Humanizing Line Notations
Line notations are useful for encoding molecular structure with computers, especially in a network environment. Because line notations are compact and ASCII-based, they can, among other purposes, be used to query popular Web search engines for chemical content on the web. Useful as line notations are for computers, they are not as useful to humans, who would much rather have a 2-D structure diagram to look at.
Depict is an example of software that generates 2-D structure renderings from a SMILES string. Behind the scenes, the software parses the SMILES string, creates a connection table, determines 2-D coordinates for its atoms, and produces a raster image of the result. Software accomplishing the same task is also available from OpenEye. In this tutorial, you'll see one way to create free Depict-like functionality from Open Source tools.
The Ingredients
This tutorial uses Arton's Ruby Java Bridge, the installation and use of which has been outlined previously. In addition, you'll need to download Structure-CDK v0.1.2, also previously discussed. Be sure to download v0.1.2, as two upgrades have been released since the package was originally discussed.This tutorial has been tested on Mandriva Linux 2006.
Create a working directory called depict
. From the lib
directory of the Structure-CDK distribution, copy cdk-20060714.jar
and structure-cdk-0.1.2.jar
into your depict
working directory.
The Code
Now create a file called depict.rb
and copy the following code into it:
ENV['CLASSPATH'] = './cdk-20060714.jar:./structure-cdk-0.1.2.jar'
require 'rubygems'
require_gem 'rjb'
require 'rjb'
SmilesParser = Rjb::import 'org.openscience.cdk.smiles.SmilesParser'
StructureDiagramGenerator = Rjb::import 'org.openscience.cdk.layout.StructureDiagramGenerator'
ImageKit = Rjb::import 'net.sf.structure.cdk.util.ImageKit'
class Depictor
def initialize
@smiles_parser = SmilesParser.new
@sdg = StructureDiagramGenerator.new
end
def depict_png(smiles, width, height, path_to_png)
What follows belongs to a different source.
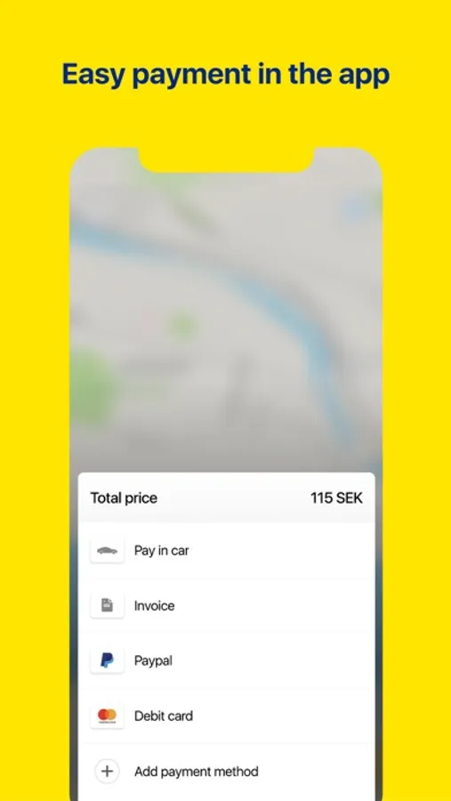 - You can easily select different payment options (in car, CreditCard or Paypal)

ImageKit::writePNG(smi_to_mol(smiles), width, height, path_to_png)
end
def depict_svg(smiles, width, height, path_to_svg)
ImageKit::writeSVG(smi_to_mol(smiles), width, height, path_to_svg)
end
def smi_to_mol(smiles)
@sdg.setMolecule(@smiles_parser.parseSmiles(smiles))
@sdg.generateCoordinates
@sdg.getMolecule
end
end
After you save this file, you'll need to set your LD_LIBRARY_PATH
on unix (or the equivalent on another OS):
export LD_LIBRARY_PATH=$JAVA_HOME/jre/lib/i386:$LD_LIBRARY_PATH
This tells RJB where to find Java's native libraries. Because of RJB's current design, LDLIBRARYPATH needs to be set from the command line, rather than from within a Ruby process.
Using the Depictor class is simple. For example, to generate SVG and PNG images of desloratadine (Clarinex):
require 'depict'
depictor = Depictor.new
depictor.depict_svg('Clc4ccc3C(=C1CCNCC1)c2ncccc2CCc3c4', 300, 300, 'desloratadine.svg')
depictor.depict_png('Clc4ccc3C(=C1CCNCC1)c2ncccc2CCc3c4', 300, 300, 'desloratadine.png')
The Output
Running the above code, either with the Ruby interpreter (ruby) or with Interactive Ruby (irb) will produce an SVG and a PNG image in your depict
directory containing the 2-D structure of the popular antihistamine (see image below). Scalable Vector Graphics (SVG) format is a popular, XML-based vector graphics encoding system that can be viewed with the Firefox browser and several other software packages.
The code we've used here takes advantage of convenience methods in the Structure-CDK library. However, it is possible to customize the output in several ways, including line thickness, line spacing, color scheme, and atom label height by using the library's lower-level API.
Being able to render a human-readable structure diagram from a line notation is useful in many situations. As you can see, this complex process can be accomplished quickly using Ruby, Java and open source chemical informatics libraries. Future articles will make use of this capability in building more complex chemical informatics systems.